Recorded information>
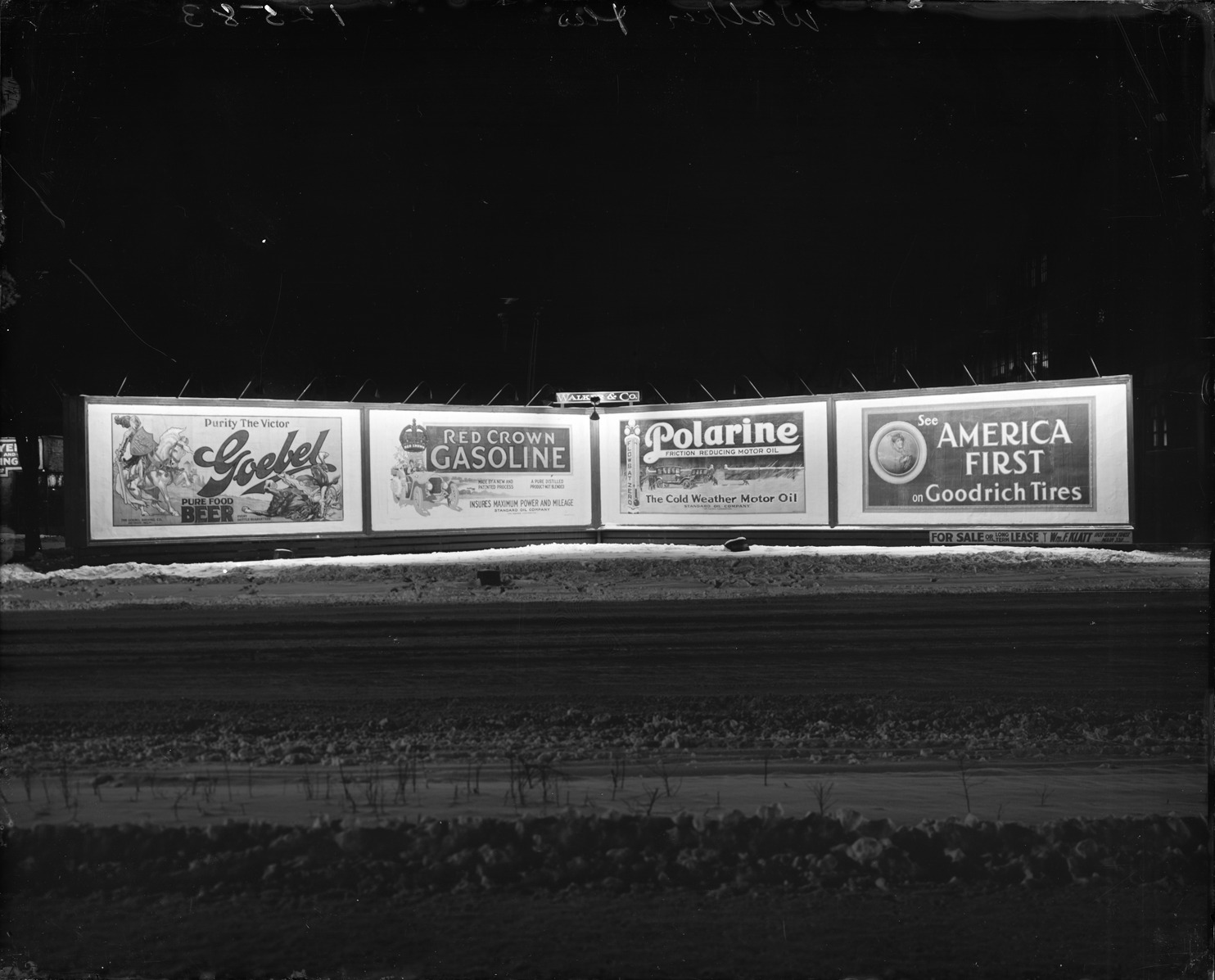 View of four illuminated billboards at night; text on billboards: "Purity the victor, Goebel pure food beer; Red Crown gasoline made by a new and patented process, a pure distilled product, not blended, insures maximum power and mileage, Standard Oil Company; Polarine friction reducing motor oil, the cold weather motor oil, Standard Oil Company; see American first in Goodrich tires." Recorded in glass negative ledger: "D/Signs & signboards."
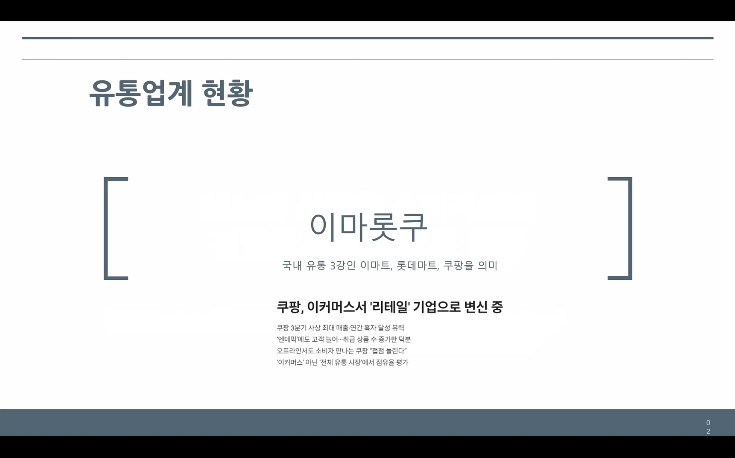 현재 한국의 유통업은 이마트, 롯데마트, 쿠팡 이렇게 3가지 기업이 3강을 이루고 있다.
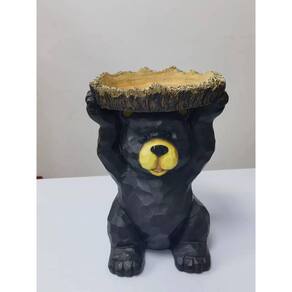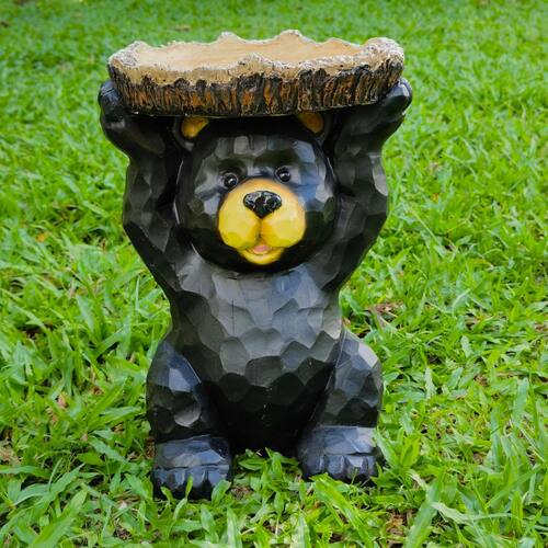 Decoração de jardim Sitting Bear Holding Bird Bath
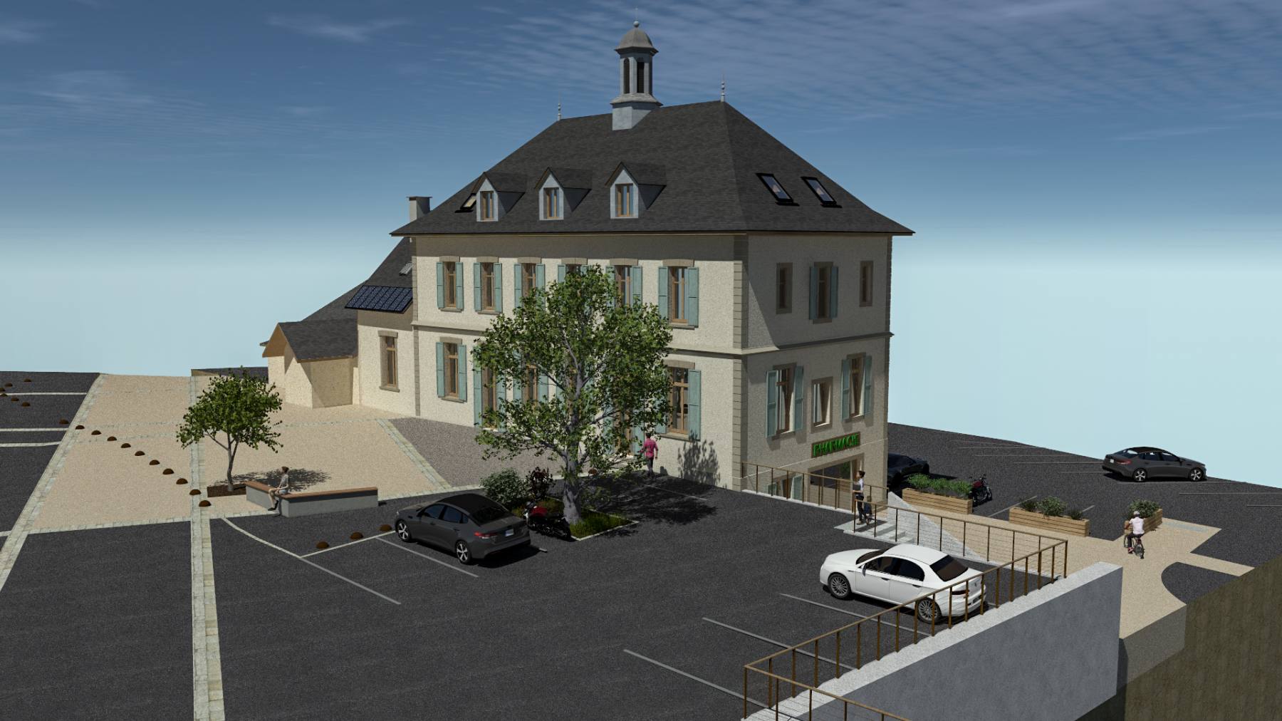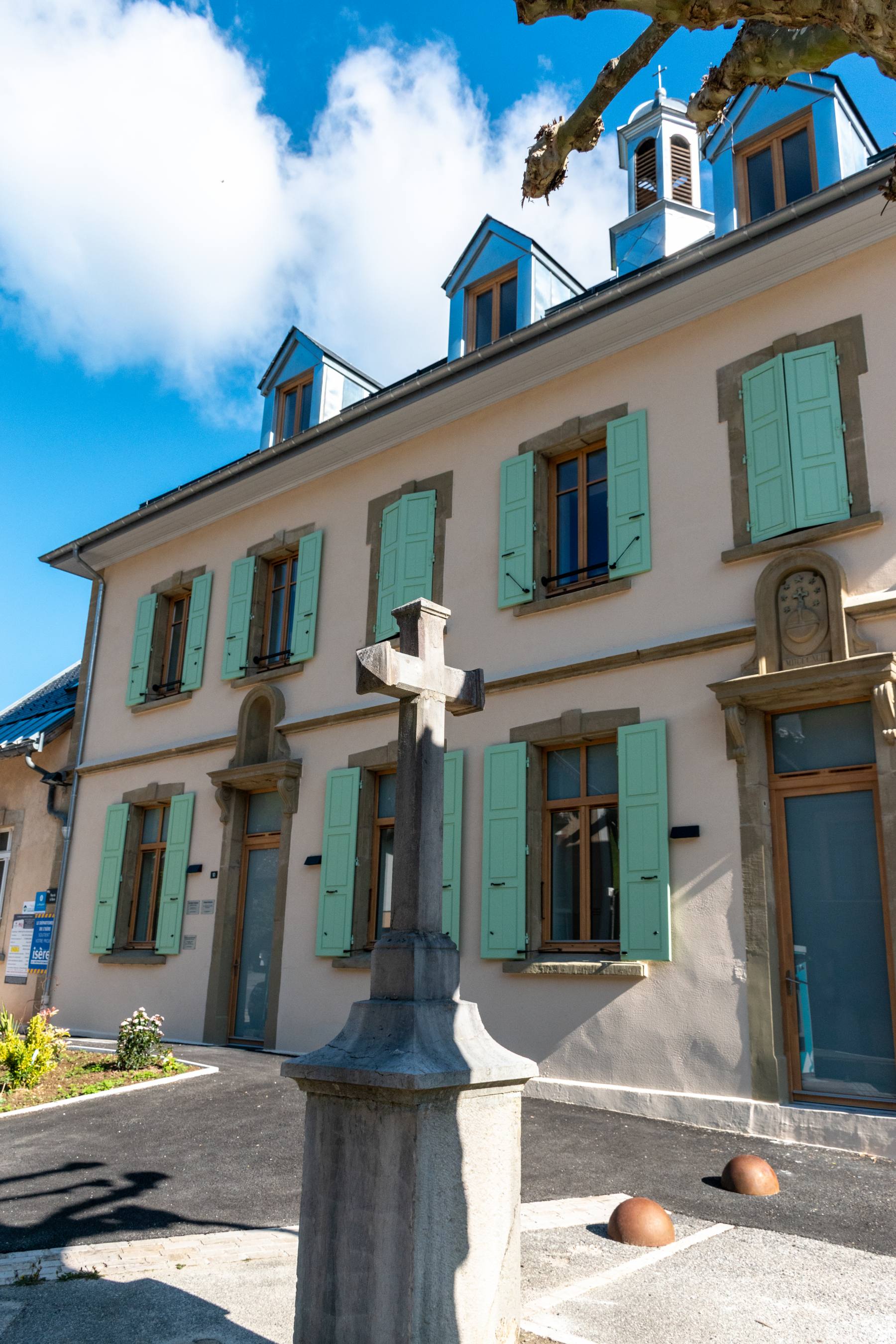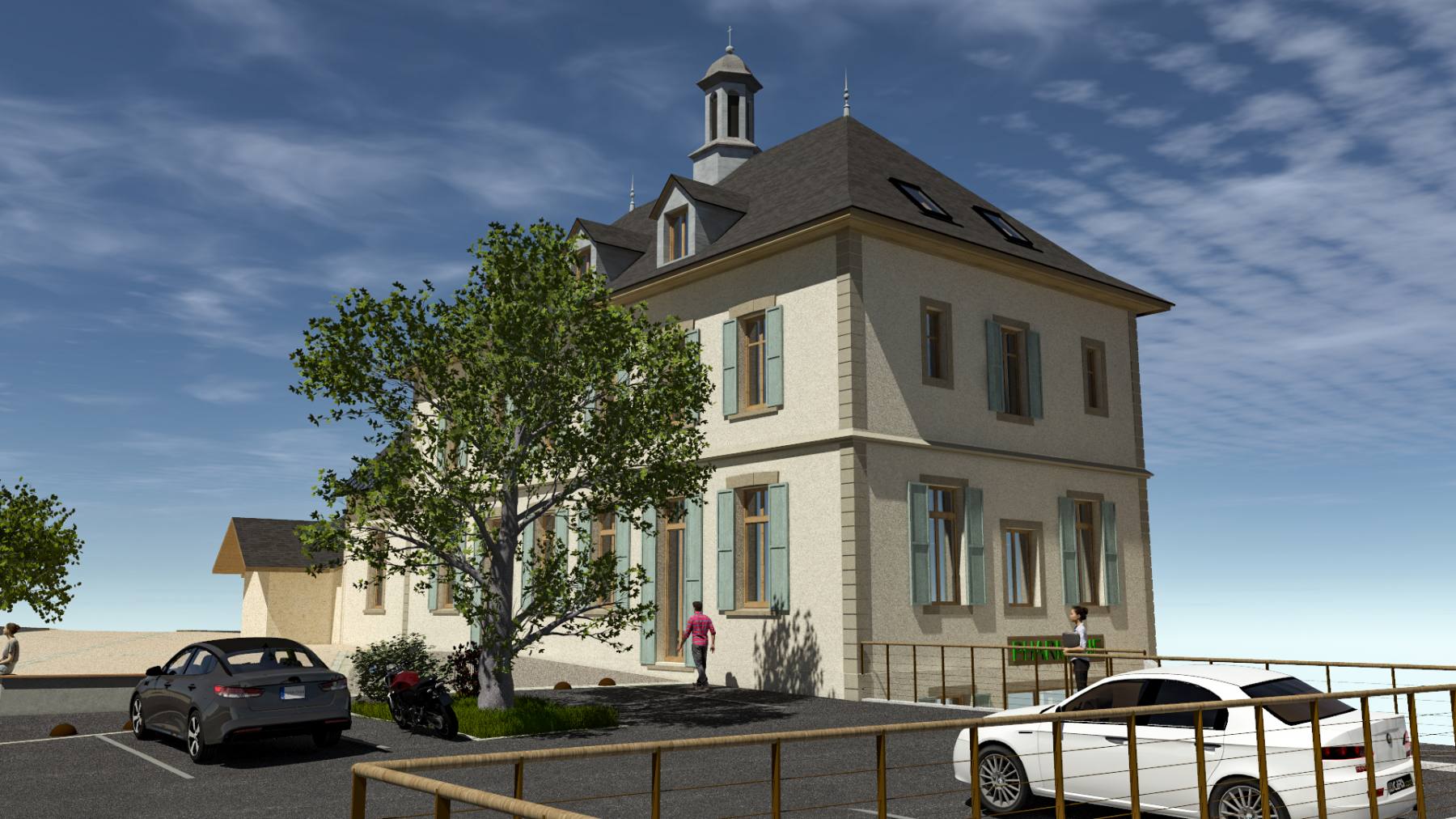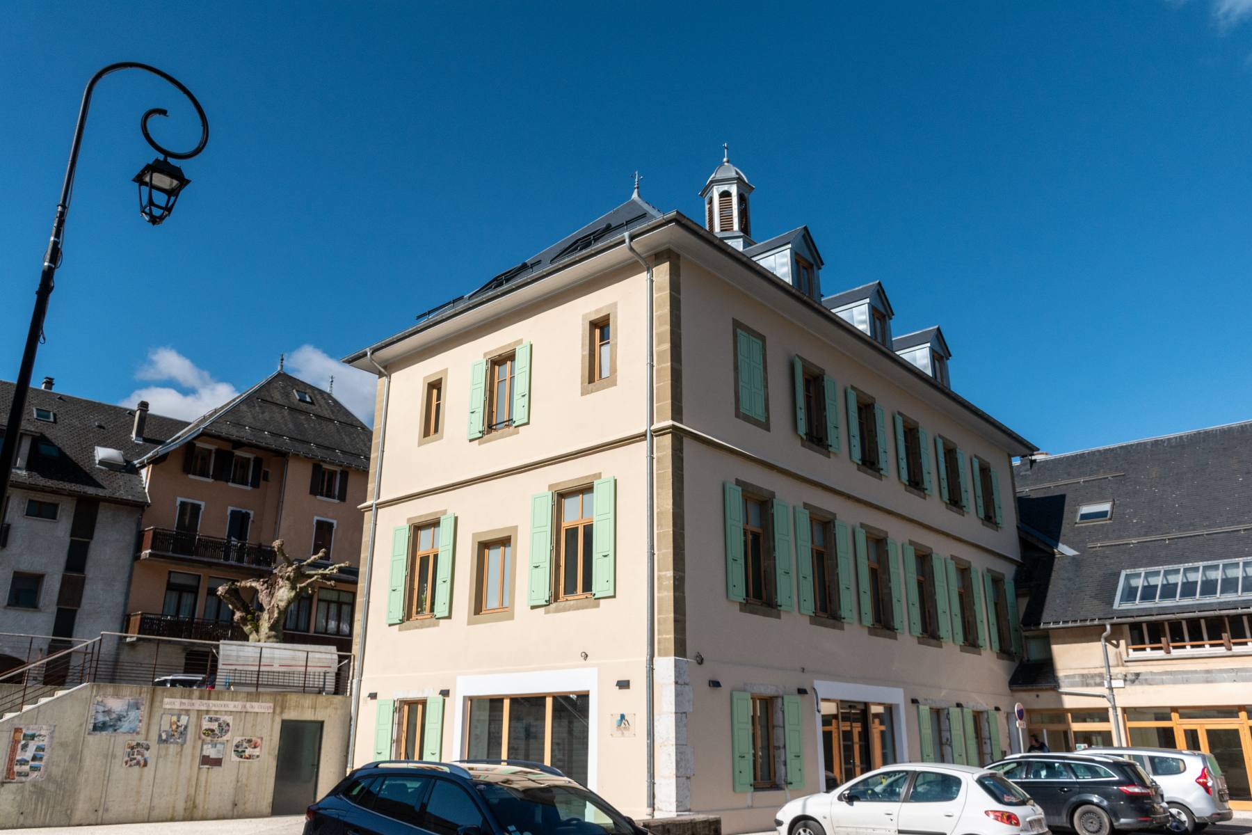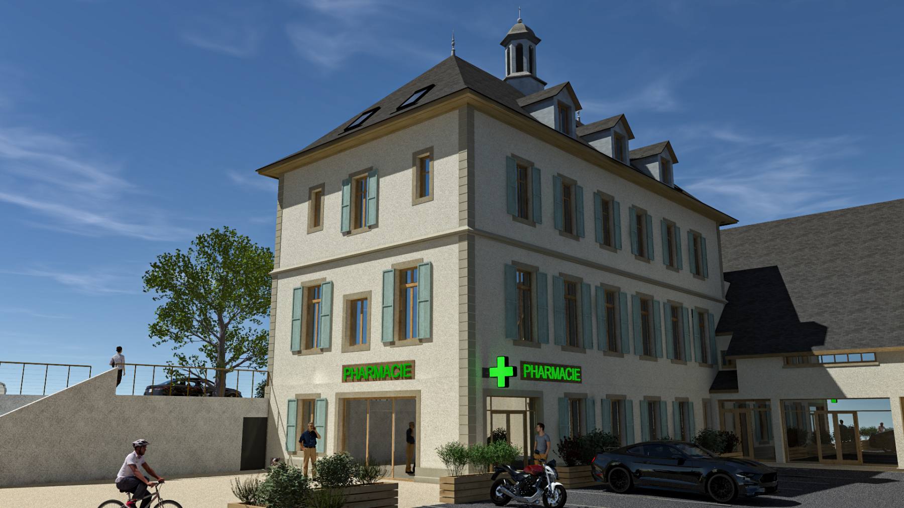 Le projet consiste en la réhabilitation d'un bâtiment existant permettant de créer des locaux médicaux, des bureaux et 5 logements sociaux au bénéfice d’un ESAT et de ses salariés. Le volume existant est inchangé hormis les fenêtres de toit, la création de 2 portes en R+1 et la création de vitrines en partie RDC du bâtiment pour la partie commerce (pharmacie). Les travaux principaux en façades concernent une reprise des enduits, un changement des menuiseries et des volets (forme à l'identique).

Instructions for the task> Output the whole listing exactly. Pictures stay out.

Task answer>
 View of four illuminated billboards at night; text on billboards: "Purity the victor, Goebel pure food beer; Red Crown gasoline made by a new and patented process, a pure distilled product, not blended, insures maximum power and mileage, Standard Oil Company; Polarine friction reducing motor oil, the cold weather motor oil, Standard Oil Company; see American first in Goodrich tires." Recorded in glass negative ledger: "D/Signs & signboards."
 현재 한국의 유통업은 이마트, 롯데마트, 쿠팡 이렇게 3가지 기업이 3강을 이루고 있다.
 Decoração de jardim Sitting Bear Holding Bird Bath
 Le projet consiste en la réhabilitation d'un bâtiment existant permettant de créer des locaux médicaux, des bureaux et 5 logements sociaux au bénéfice d’un ESAT et de ses salariés. Le volume existant est inchangé hormis les fenêtres de toit, la création de 2 portes en R+1 et la création de vitrines en partie RDC du bâtiment pour la partie commerce (pharmacie). Les travaux principaux en façades concernent une reprise des enduits, un changement des menuiseries et des volets (forme à l'identique).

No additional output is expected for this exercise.